*EXTRACTED MATERIAL*.

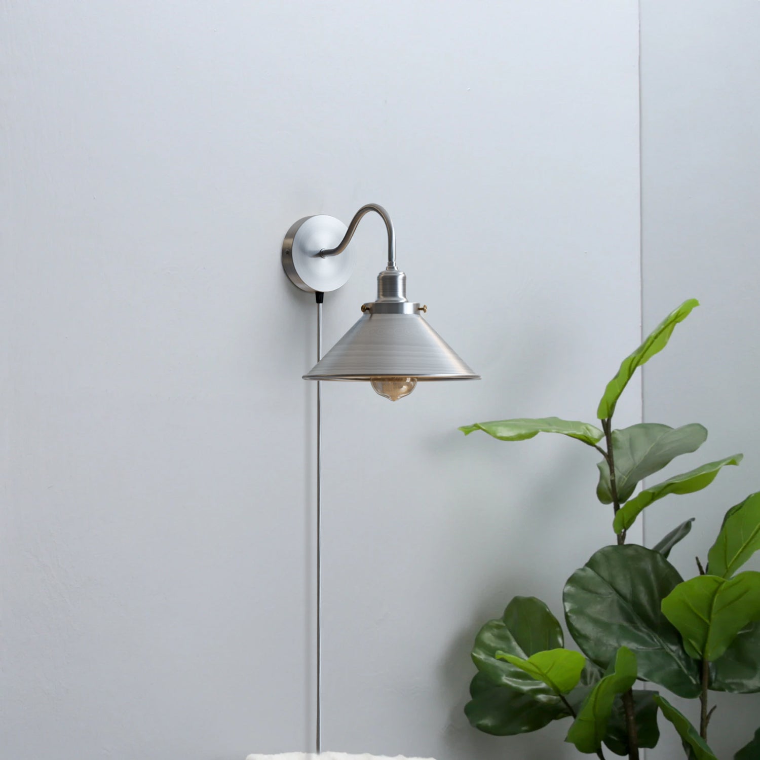 - 1 x Plug-in Wall Light Set (includes light shade, E27 holder with light arm, ceiling rose with UK plug, and fitting accessories)
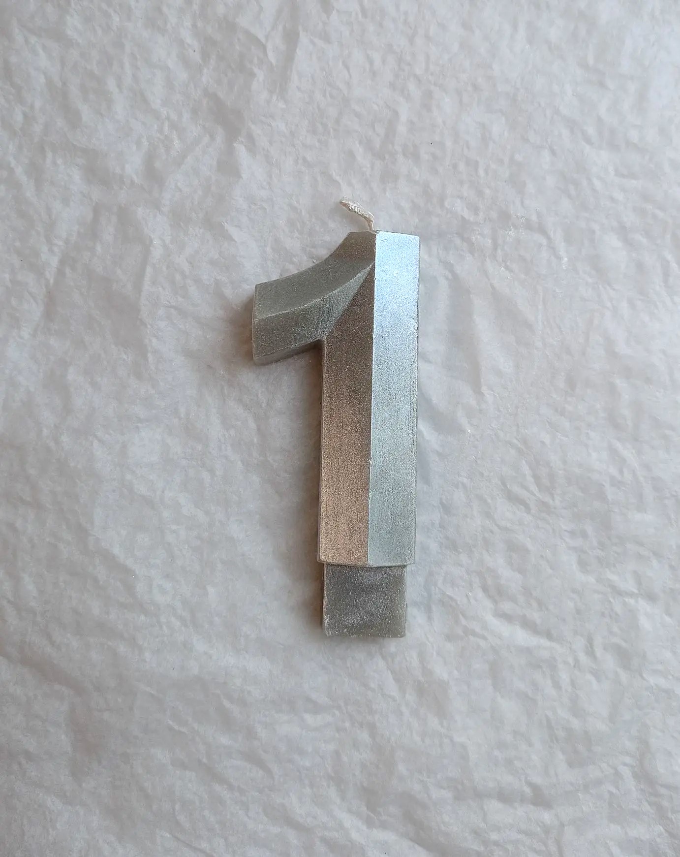 Свеча для торта восковая "Грани", "Цифра 1", серебро
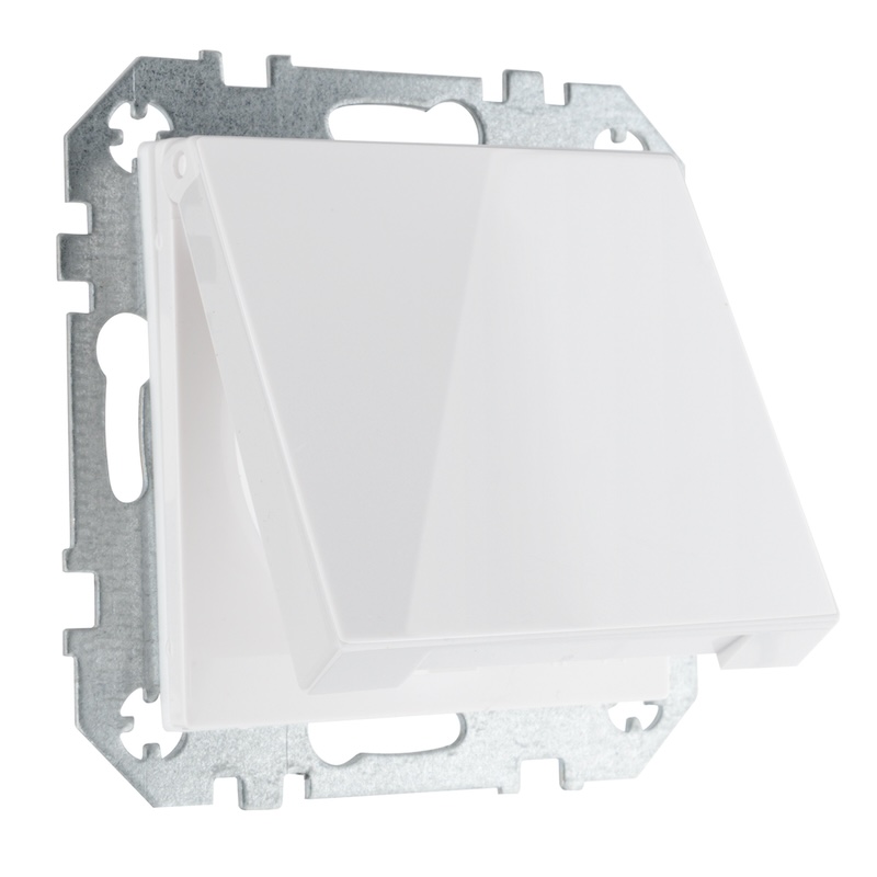 Розетка Epsilon, Retro Liregus, со шторками, с крышкой, с заземлением, одинарная, безвинтовые клеммы, цвет - белый
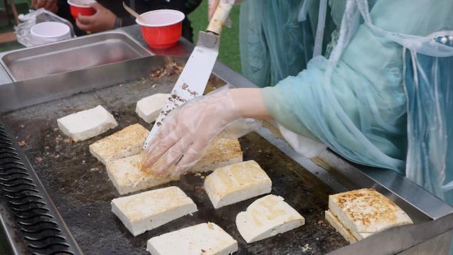 虽然小姐姐烤豆腐手法略显生涩,但是看得出她却是非常认真,一丝不苟的在铁板上按照流程烤着豆腐,让人顿生好感。
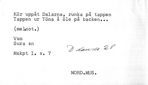 //// Kör uppåt Dalarna, runka på tappen //// Tappen ur Töna å öle på backen... //// (meLnot.) //// Vsm //// Sura sn //// Mskpt 1. s. 7 ////
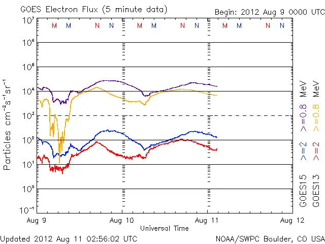●8月18日(特異日)太陽フレアの発生と地球上空の静止軌道電子の動きを月末まで監視しましょう。
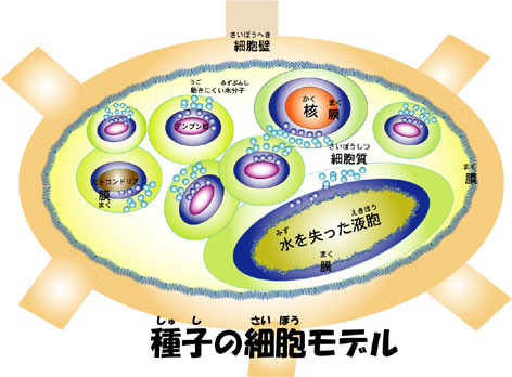 | 種子の胚の細胞では、液胞が水を失い始めると、中にはタンパク質がたくさん貯まってきます。細胞質にも、色々な「膜」を守る蛋白質が作られてきます。また、胚乳や子葉などでは、デンプンや油などもたくさん貯まってきます。これが、発芽のためのエネルギーとなるのです。チューリップの球根の中のデンプンも同じですね。でも、球根と違って種子の中には水が10%くらいしかありません。種子は水が少ないから長生きできるのです。この「動きにくい水」の状態が大事な膜を乾燥から守っていることがわかりました。 でも、種子が乾燥すると死んでしまう植物もあります。ドングリやアボカドの種子を乾かして土に埋めてみてください。---林の中のドングリの仲間は、湿った土の中にもぐりこんだ種子だけが発芽することができるのです。 種子の中には不思議なことがたくさんつまっています。 |
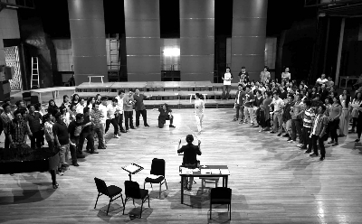 5月19日,中央歌剧院原创歌剧《北川兰辉》演职人员在剧院排练厅紧张排练。
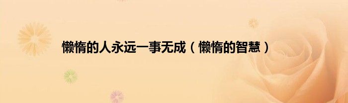 以上就是【懒惰的人永远一事无成,懒惰的智慧】相关内容。
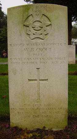 Pilot - WO2 Wesley Bethuel Croft RCAF (R/83002), aged 20, of Maidstone, Ontario, Canada. Buried Ripon Cemetery, Yorkshire.
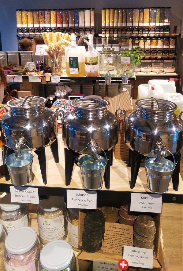 Foifi on oman reittini sivussa, mutta tykkään käydä siellä, jo pelkästään ilmapiirin vuoksi. Chez Mamiella on kaksi liikettä Zürichissä ja ympäri Sveitsiä sisarusputiikkeja. Foifi ja Chez Mamie ovat hyvin samantyyppisiä, ideana se, että kaikki mitä vain suinkin voi, myydään ilman pakkauksia tai purkeissa, joita voi käyttää uudelleen. Chez Mamiessa vallitsee myös luomu ja luontoystävälliset tuotteet.

*WHAT TO PRODUCE*. Please repeat exactly the data above from its first line to the line that contains "虽然小姐姐烤豆腐手法略显生涩", inclusive, and leave every picture out.

*RESULT OF THE EXERCISE*.
 - 1 x Plug-in Wall Light Set (includes light shade, E27 holder with light arm, ceiling rose with UK plug, and fitting accessories)
 Свеча для торта восковая "Грани", "Цифра 1", серебро
 Розетка Epsilon, Retro Liregus, со шторками, с крышкой, с заземлением, одинарная, безвинтовые клеммы, цвет - белый
 虽然小姐姐烤豆腐手法略显生涩,但是看得出她却是非常认真,一丝不苟的在铁板上按照流程烤着豆腐,让人顿生好感。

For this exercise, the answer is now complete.